The Reserve Bank of India (RBI) unveiled draft guidelines on project financing aimed at enhancing transparency and risk management in consortium lending, proposing a minimum loan exposure floor for banks and mandated standards for asset provisioning during project phases.
In the draft guidelines, the RBI outlined specific provisions governing project finance, particularly in consortium arrangements. For projects with aggregate exposure up to Rs 1,500 crore, individual lenders must maintain a minimum exposure of at least 10 percent of the total project exposure. In cases where exposure exceeds Rs 1,500 crore, the floor for individual exposure is set at 5 percent or Rs 150 crore, whichever is higher.
The RBI emphasised the importance of financial closure and clear documentation of the Date of Commencement of Commercial Operation (DCCO) before disbursing funds. Lenders are directed to align disbursement with project completion stages, particularly in Public-Private Partnership (PPP) projects, where funds should be released post the project’s appointed date.
Project lifecycle
The project lifecycle is divided into three distinct phases: design, construction, and operational. The operational phase, marked by commercial operation commencement, triggers specific asset provisioning requirements. The RBI proposed a gradual approach to provisioning during the construction phase, with banks required to provision 2 percent by March 31, 2025, escalating to 3.50 percent by March 31, 2026, and culminating in 5 percent by March 31, 2027.
Importantly, banks may reduce provisioning to 2.5 percent during the operational phase if the project demonstrates positive net operating cash flow, covering repayment obligations, and experiences a 20 percent decline in long-term debt from the DCCO stage.

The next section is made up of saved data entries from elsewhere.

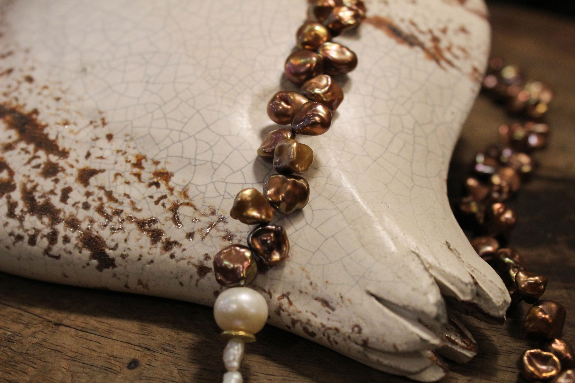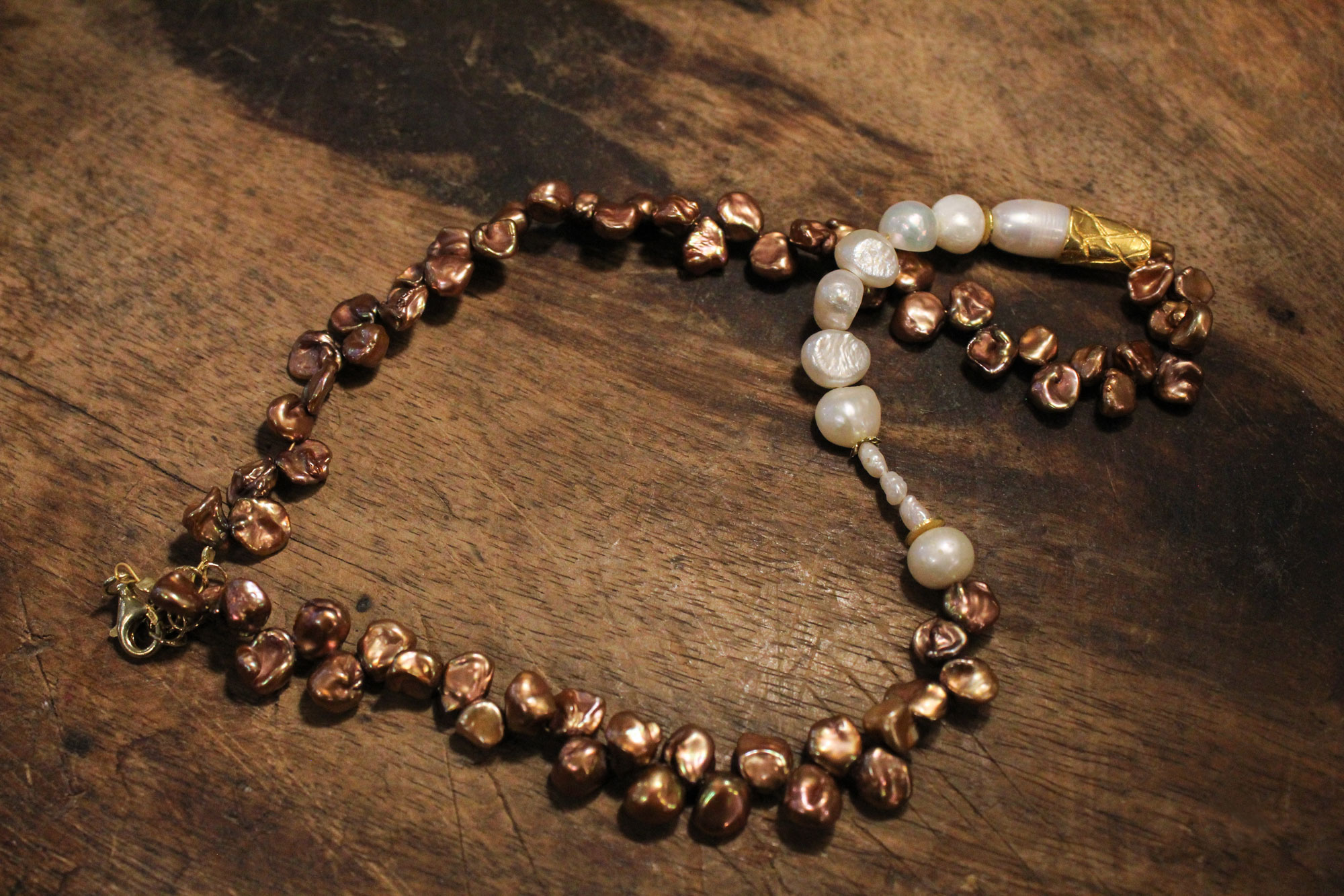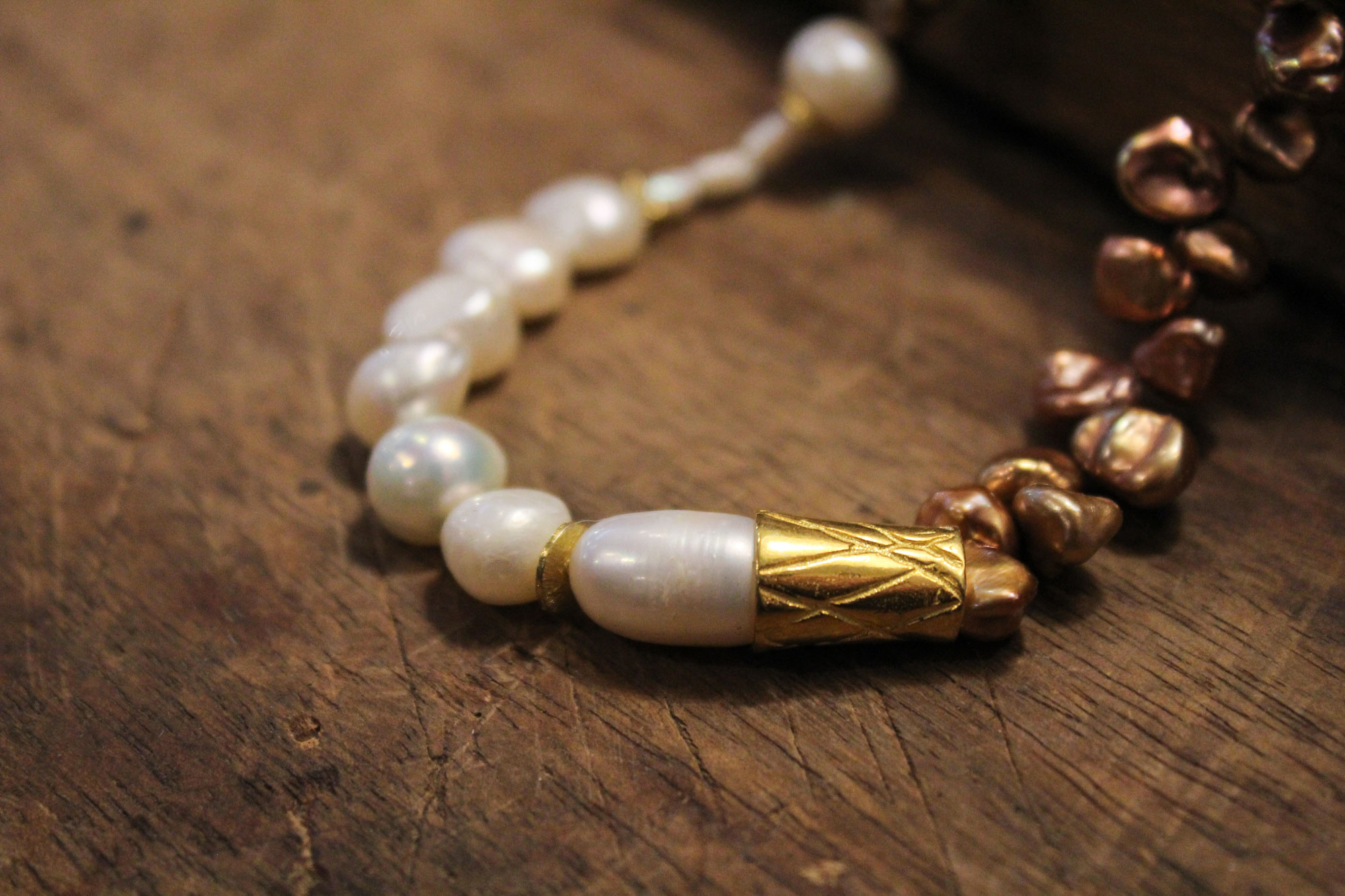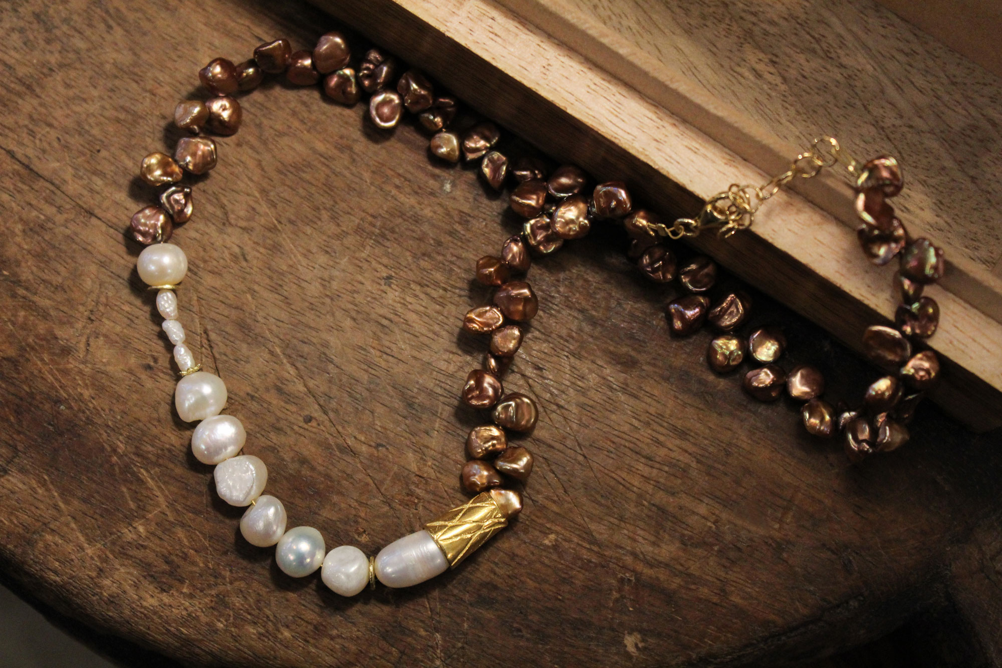 MIKA GRIVAKI χειροποίητο κολιέ με δύο ειδών μαργαριτάρια, Keshi και Καλλιέργειας γλυκού νερού δεμένα με ασήμι και επίχρυσα στοιχεία!
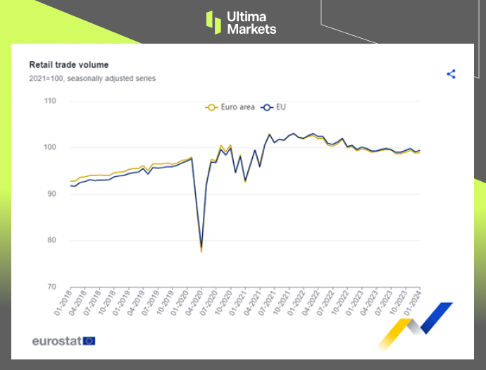 另外,2024 年 1 月,歐元區零售額較上月微幅增長0.1%,12 月修正後數值報收縮 0.6%,與市場預測相符。 食品、飲料和菸草等產品銷售額成長 1.0%,結束三個月的低迷,汽車燃料成長 1.7%,創下 2022 年 8 月以來的最高水準。相反地,繼上月下降0.9% 後,非食品產品下滑 0.2%。 以年率計,消費品零售總額下降1.0%,連續第16個月負值。
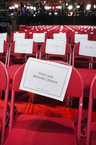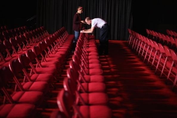 Các nhân viên dán tên của khán giả lên ghế (Getty Images)
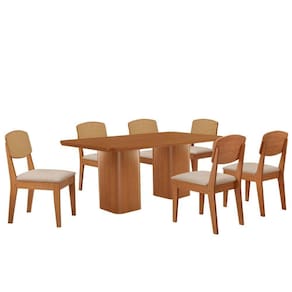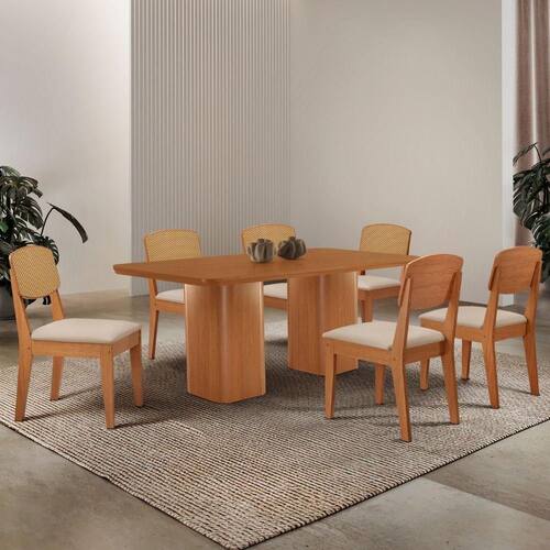 Mesa De Jantar Eloise 180cm Tampo Mdf 6 Cadeiras Moderna Veludo Creme/ Conjunto Sala de Jantar Mesa Eloise e Cadeira Copper A Mesa Eloise e uma peca de design sofisticado, com tampo em MDF Canto Copo, que adiciona elegancia e modernidade ao ambiente. Seu grande destaque esta nas bases com formato de torres, que trazem um visual marcante. A Cadeira Copper Premium combina design contemporaneo e conforto, com encosto em MDF moldado que proporciona suporte ergonomico ideal. Seu estofado macio garante um assento aconchegante, enquanto o acabamento refinado e os detalhes sofisticados no encosto, que imitam rattan, valorizam seu visual, tornando-a perfeita para ambientes modernos e elegantes.
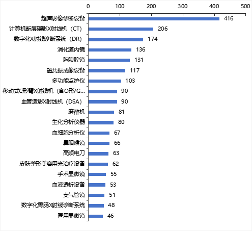 从产品类别来看,2025年全国设备招标公告覆盖品种共350种。采购频率最高的五类产品分别是:超声、CT、DR、消化道内镜和胸腹腔镜。其中超声设备项目数断层领先,共计416个;其次是CT设备206个。
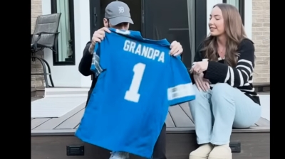 The influencer and podcaster hands her dad a blue football jersey that read “Grandpa” and the number 1, as well as a sonogram image, as Eminem’s jaw drops and eyes widen, tearing up at the happy news.
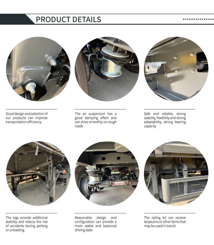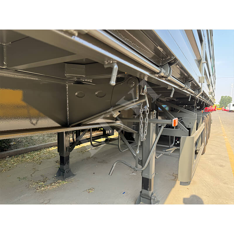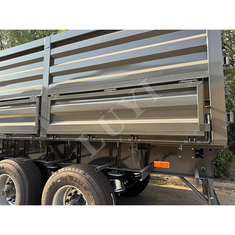La semi-remorque à benne latérale à 4 essieux de classe LUYI de 60 tonnes est personnalisée pour le transport de marchandises lourdes en vrac dans des scénarios tels que les mines et les projets d'infrastructure. Il adopte une structure de déchargement hydraulique à basculement latéral, permettant un déchargement rapide dans des espaces étroits et une vidange complète des compartiments en quelques minutes, améliorant considérablement l'efficacité de la rotation du fret. Les principaux composants porteurs sont fabriqués en acier durable à haute résistance, associés à une conception à 4 essieux et à des airbags à suspension pneumatique. Cela répartit non seulement la pression des charges lourdes de 60 tonnes et répond aux exigences réglementaires, mais ajuste également la dureté d'absorption des chocs en fonction de la charge, réduisant ainsi les secousses de la cargaison et l'impact de la route. L'ensemble du véhicule allie déchargement efficace, durabilité des charges lourdes et stabilité de conduite, ce qui en fait un choix fiable pour le transport de marchandises en vrac lourdes.

For accounts deferring DCCO and classified as ‘standard’, additional provisions of 2.5 percent are mandated for infrastructure and non-infrastructure projects with deferments exceeding two and one year, respectively. These provisions are reversible upon commercial operation commencement.
Addressing asset quality, the RBI’s guidelines offer a pathway for upgrading project finance accounts classified as non-performing assets (NPA) after 360 days from the review period’s end, subject to successful review implementation and stability in asset value.
Stakeholders are invited to provide feedback on the draft guidelines by June 15.